▸ **PROVIDED MATERIAL**:
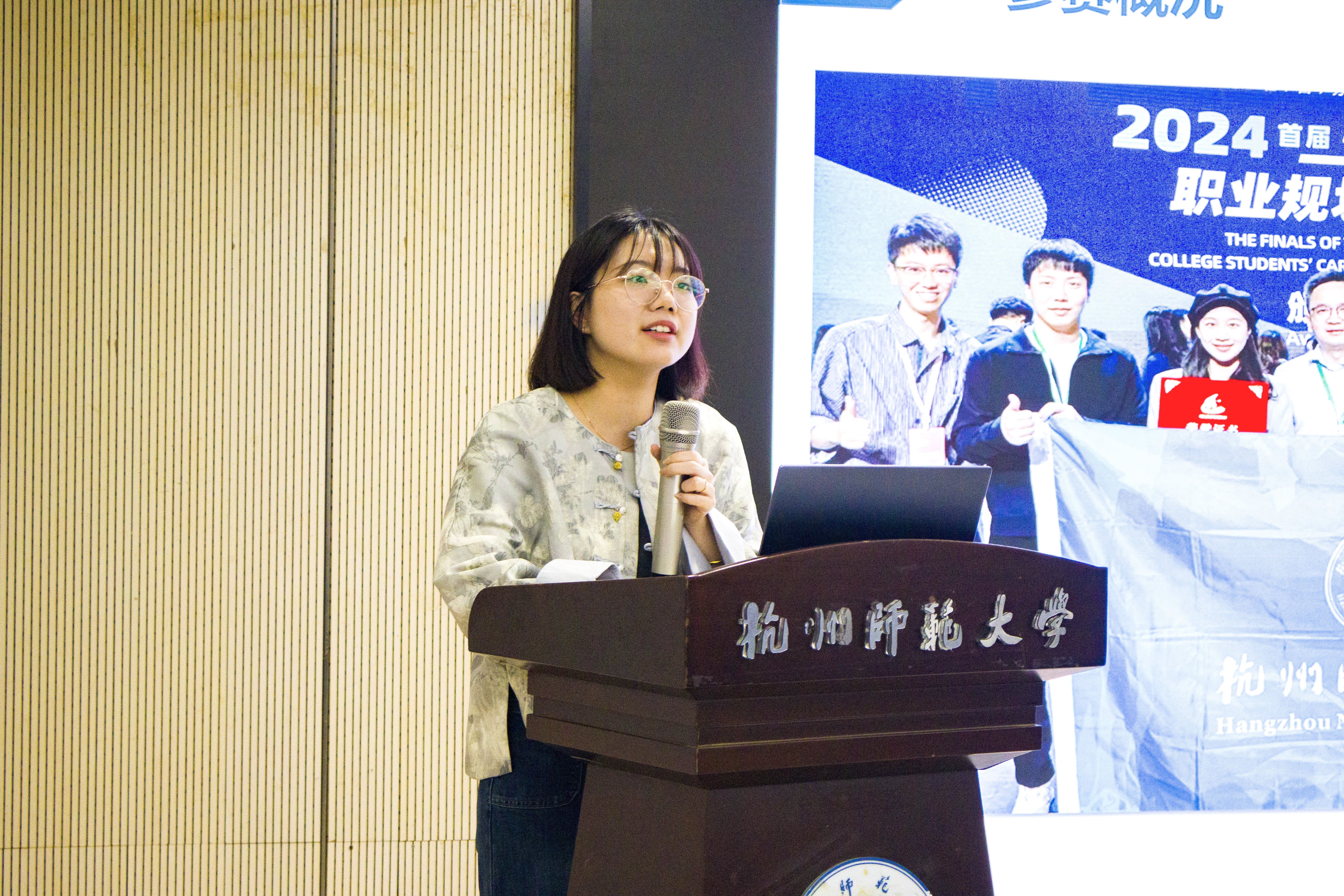 林伊纯为同学们带来职业规划大赛指导经验的分享。她主要从赛事概况、职业选择、职业挖掘、学生成长、师生共创等五方面详实地向同学们介绍了职业规划大赛的具体内容和备赛技巧,为同学们指点迷津,并鼓励同学们以赛促学,以赛促练,在比赛中找到适合自己的职业发展赛道。
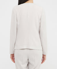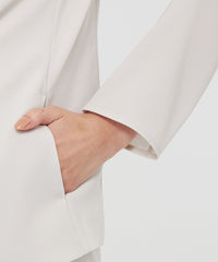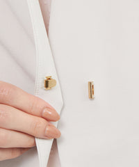 フロントの打ち合わせ部分や裾部分のカッティングにこだわり、単品ジャケットとしても着回ししやすいデザインにしました。
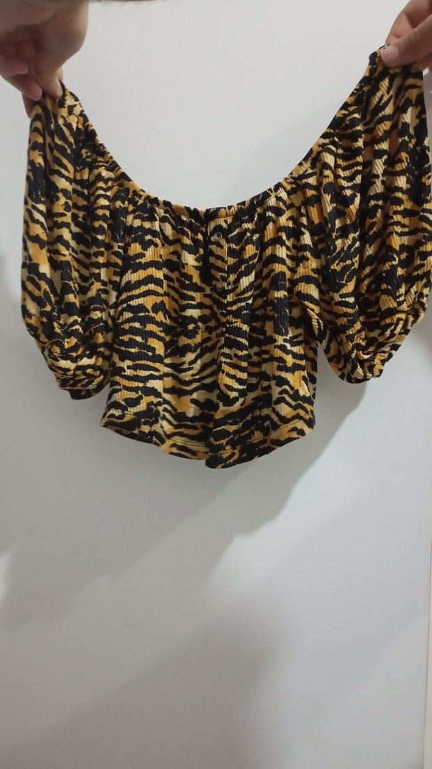 Kadınlar için kayık yaka, bol kesim, pileli ve askılı kollara sahip kısa bluz. Koyu kahverengi zebra deseniyle bohem ve retro tarzda, açık hava etkinliklerine uygun.

▸ **WHAT YOU SHOULD DO**: Restate, word for word, all of the material above, leaving out the images.

▸ **OUTPUT BELOW**:
 林伊纯为同学们带来职业规划大赛指导经验的分享。她主要从赛事概况、职业选择、职业挖掘、学生成长、师生共创等五方面详实地向同学们介绍了职业规划大赛的具体内容和备赛技巧,为同学们指点迷津,并鼓励同学们以赛促学,以赛促练,在比赛中找到适合自己的职业发展赛道。
 フロントの打ち合わせ部分や裾部分のカッティングにこだわり、単品ジャケットとしても着回ししやすいデザインにしました。
 Kadınlar için kayık yaka, bol kesim, pileli ve askılı kollara sahip kısa bluz. Koyu kahverengi zebra deseniyle bohem ve retro tarzda, açık hava etkinliklerine uygun.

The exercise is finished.